Dal famoso omonimo romanzo d’esordio, tutto ma nello stesso tempo così poco “italiano”, del russo Nicolai Lilin, Gabriele Salvatores trae un film piuttosto fedele, girato bene e che denota uno sforzo produttivo piuttosto inconsueto per i canoni nazionali, forte di un respiro inevitabilmente internazionale quanto a cast, ambientazione, epica della vicenda. Le perplessità durante e dopo la visione di un film dignitoso e ben girato sono quelle medesime che mi colsero ai tempi in cui lessi il romanzo. Al di là del giusto riconoscimento che va attribuito al giovane autore anche solo per la proprietà con cui è riuscito a scrivere in una lingua non sua (la nostra) un romanzo di formazione o comunque almeno in parte molto autobiografico, i dubbi e le contraddizioni che ho avvertito nella lettura le trasferisco tali e quali sul film. Segno  anche della fedeltà e dell’acutezza con cui un regista non nuovo alla sperimentazione di nuovi generi (vedi il controverso ma pure sorprendente Nirvana, o anche solo l’anomalo e bizzarro Denti) ha saputo affrontare una trasposizione tutto sommato piuttosto impegnativa, anche solo per l’andirivieni temporale che caratterizza la pagina scritta e che il film in un certo senso rende ancora più esplicita, alternando le vicende d’infanzia del protagonista bambino a quelle odierne del soldato alla caccia di narcotrafficanti in una boscaglia ai confini della civiltà, e che intuiamo stia affrontando quel compito alla ricerca di qualcos’altro (o qualcun altro); ma pure alternate alle vicende umane del Kolima adolescente alla scoperta dell’amore, dei valori dell’amicizia, la sua eterna amicizia/rivalità col violento e bizzarro coetaneo Gagarin, le dure ma formative esperienze in prigione e le rapine di gruppo con i suoi irriducibili amici solo pochi anni prima rispetto alla vicenda più contemporanea: tutto ciò in un valzer rutilante gestito con una disinvoltura sin troppo spensierata, cadenzato qua e là dalle splendide immagini del grande fiume freddo, punteggiato di grandi agglomerati di ghiaccio che pian piano si dissolvono prima di giungere al mare.

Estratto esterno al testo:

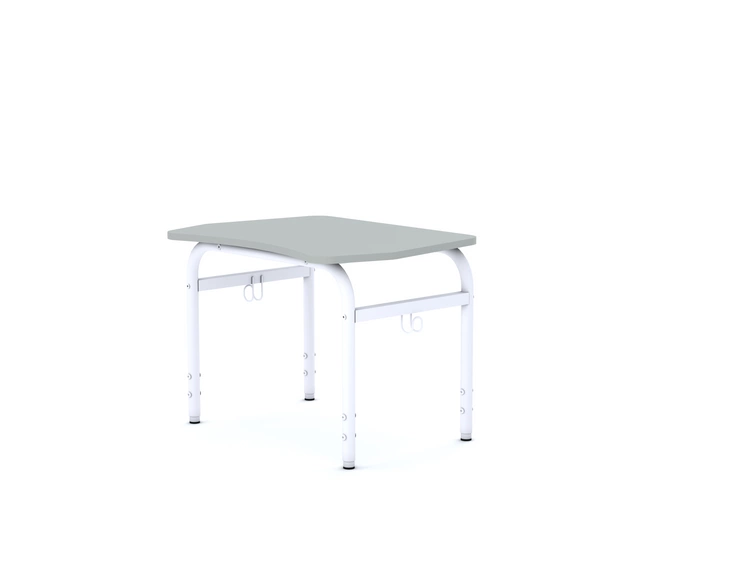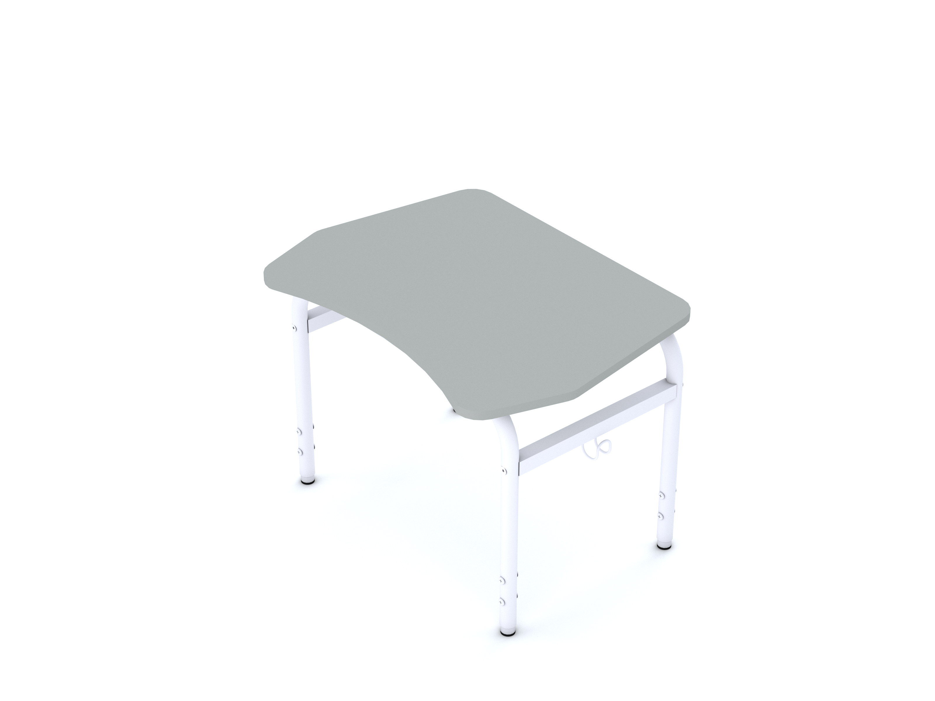 Stolik szkolny w kształcie fali, zapewniający uczniom odpowiednie miejsce do nauki, pisania i wykonywania innych czynności edukacyjnych. Wymiar blatu 750x500 mm. Blat wykonany z płyty melaminowanej o grubości 18 mm, posiadającej klasę higieniczności e1. Obrzeże blatu wykończone listwą PCV 2 mm. Blat połączony ze stelażem za pomocą metalowych śrub. Dostępny w 3 kolorach do wyboru (biały, szary, dąb kamienny). Stelaż metalowy z poprzeczką poziomą, wykonany ze stalowego profilu 32x1,5 mm gwarantujący stabilność i trwałość konstrukcji. Dostępny w kolorze szarym (RAL 9006) lub białym (9003). Zastosowanie haczyków po obu stronach ramy może służyć do zawieszania plecaków lub toreb. Stopki z tworzywa sztucznego w kolorze czarnym. Stolik dostępny w wersji regulowanej (rozmiary 2-4, rozmiary 4-6). Modułowa regulacja wysokości stelaża. Stolik posiada certyfikat zgodności z normą PN-EN 1729-1:2016-02 oraz PN-EN 1729-2+2016-02 wydany przez jednostkę certyfikującą posiadającą akredytację Polskiego Centrum Akredytacji.
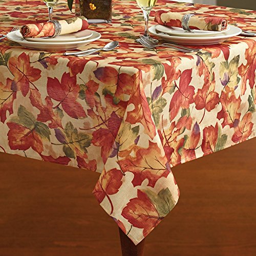 Studio : Newbridge Publisher : Newbridge Binding : Kitchen Product Description This contemporary heat transfer border print fabric tablecloth was designed to be an Autumn and Thanksgiving holiday favorite for your home. The Grateful Harvest Seasonal fabric tablecloths feature an allover leaf floral and harvest pumpkin, sunflower, and gourd motif with a subtle visual texture created by its unique lettered background. Great for use with adults and children at home or in commercial settings. Perfect for decorating for Thanksgiving and all Fall season dinner parties, weddings, banquets, entertaining and everyday use. 100% polyester construction is easy care and soil resistant. Machine washable and tumble dry and requires little or no ironing. Finished with merrowed edges. Easy to fold and store when not in use. Grateful Harvest Seasonal tablecloths are available in selection of sizes and matching napkins. Sizes available are: 60 x 84 Oblong, 60 x 102 Oblong, 60 x 120 Oblong, 60 x 144 Oblong, 70 Round. Matching Napkins are sold in sets of 8. 0

Perplessità su una vicenda che è intrisa di troppo colore, con personaggi spesso forzatamente ed inesorabilmente sopra le righe, e non per colpa della trasposizione cinematografica, ma già sin troppo pennellati nella pagina scritta di un alone che li rende tendenzialmente un po' troppo spiritati per essere veri: primo fra tutti quella dello spietato ed integerrimo nonno Kuzja, efficacemente reso dalla maschera sinistra e malvagia di un John Malkovich sempre più mefistofelico; per non parlare del personaggio del sinistro tatuatore reso con il solito adeguato sadismo da un Peter Stormare al quale troppa ripetitività di ruoli "vilain" non giova granché alle sue indubbie qualità attoriali.

La sfida di Lilin (ma  anche gran parte del senso di irritazione che suscita in me la vicenda) è quella se non di voler quasi giustificare, almeno di sforzarsi di rendere plausibile od accettabile lo spietato codice comportamentale che sta alla base di quella a tutti gli effetti immorale “educazione siberiana”, impartita con tenacia e risolutezza di padre in figlio ai membri reietti di questa comunità di briganti confinata in una delle zone più inospitali del pianeta al fine di essere isolata e controllata. E’ proprio la contraddizione di regole spietate (l’uso della violenza anche più efferata giustificata nei confronti di categorie specifiche come poliziotti, banchieri, usurai) che si alternano a veri e propri atti di mutua carità (verso i portatori di handicap, verso i poveri e i reietti) ad irritare e a lasciare quel senso di indigesto in una vicenda sin troppo colorata e a volte macchiettistica che finisce per ridursi ad un vorticoso susseguirsi di azioni di contrabbando e rapina.

Una società sempre più chiusa in sé stessa, isolata in un confino di cui in fondo si pregia e da cui trae più vantaggi che inconvenienti, e che ha l’ambizione di rifuggire facili soluzioni e piaceri effimeri come droghe e vizi, che non tollera la presenza di denaro contante in casa, ma che piuttosto di accaparrarselo è disposta a ricorrere ad azioni vandaliche organizzate dagli esiti spesso sanguinosi e letali; ma  pure  l’ardire di porsi come beneficiaria e rivendicare come un suo diritto, tutta una politica di soprusi e attentati violenti ai danni di quella civiltà tanto osteggiata ma che loro stessi vampirizzano e sfruttano come i peggiori e più inesorabili parassiti.